Mains findings Immerzzel, et al:
- By 2035 the glacier area has decreased by 32%, by 50% in 2055 and by 75% in 2088.
- From 2075 onwards permanent ice can only be found at the highest elevations in the catchment.
- On average a positive precipitation trend is predicted of 1.9 mm y-1 consistent with the acceleration of the hydrological cycle due to the increased atmospheric temperature.
- Annual ensemble discharge increases by 0.05 m³/s (~4 mm), reaching a 32% rise by 2050, though the rate slows by century’s end. This is due to increased precipitation and a shift from meltwater- to rainfall-dominated runoff, raising the runoff coefficient from 50% to 65%.
- After 2040 the decrease in glacier area becomes dominant leading to runoff decline
In terms of glacier area decrease, our results are very similar for the 2.7 °C and 4 °C scenarios, both showing a strong reduction in glacier surface area—approaching nearly 100% loss under the 4 °C scenario and around 75% under the 2.7 °C scenario. Under the 1.5 °C scenario, approximately 50% of the glacier area is projected to persist. Regarding runoff, our findings also align closely with those presented in the article. Runoff tends to decline by mid-century due to the reduced contribution from glacier melt. Meanwhile, precipitation shows an increasing trend, consistent with the patterns reported by the authors. For the seasonal runoff, our results shows that from April to August runoff increase until a maximun, this is also show in the article where it explains by peak of the melt and moonson season.

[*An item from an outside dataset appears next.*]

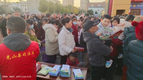 12月3日下午,光山县第二中心幼儿园迎来了一群特别的“老师”——光山县司法局法律援助中心、政治部和普法教育股的工作人员。带着缤纷的法治绘本、有趣的宣传手册、实用的法治日历、普法围裙,在园门处摆起“普法小摊”。

The article employed the older climate scenario framework (A1B SRES), using data from five different models provided by the IPCC to simulate future temperature and precipitation. This scenario projects a likely temperature increase of about 2.8 °C by the end of the century, which is comparable to our intermediate scenario.In our project, we used three projections based on different global temperature targets, derived from carbon emission pathways. The model used in the article incorporates key glacio-hydrological processes, including glacier dynamics (assuming basal sliding), snow and ice ablation using a degree-day approach influenced by aspect and debris cover, evapotranspiration (both reference and actual), surface runoff (via the curve number method), and baseflow (groundwater contribution) thougth a downscaling process. OGGM differs in some aspect, use geometrical centerlines and uses temperature and precipitation as mains input.
Pradhananga et.al points out the contribution of the glacier and ice melting in terms of discharge to the Langtang basin, projection until 2050. "The main objective is to estimate the present and future discharge from the glacierized Langtang River basin using a PDD model (PDDM) " --> The contribution of snow and ice melt from glaciers and snowmelt from rocks and vegetation will decrease in the future: in 2040– 50 it will be just 50% of the total discharge. The PDDM is sensitive to monthly average temperature, as a 28C temperature increase will increase the discharge by 31.9%. Changes in glacier area are less sensitive, as glacier area decreases of 25% and 50% result in a change in the total discharge of –5.7% and –11.4%, respectively. Our results shows similarities, due to increased temperature, more rain than snow is observed in precipitation, and melting of snow and ice from glaciers also increases. Despite the similarities in the results, both model has some differences. WEhile PDD, whe main output is ice melting, where it requires only temperature as a input, OGGM has more details in terms on mass balance and geometry (area, volume) where precipitation is also a require input.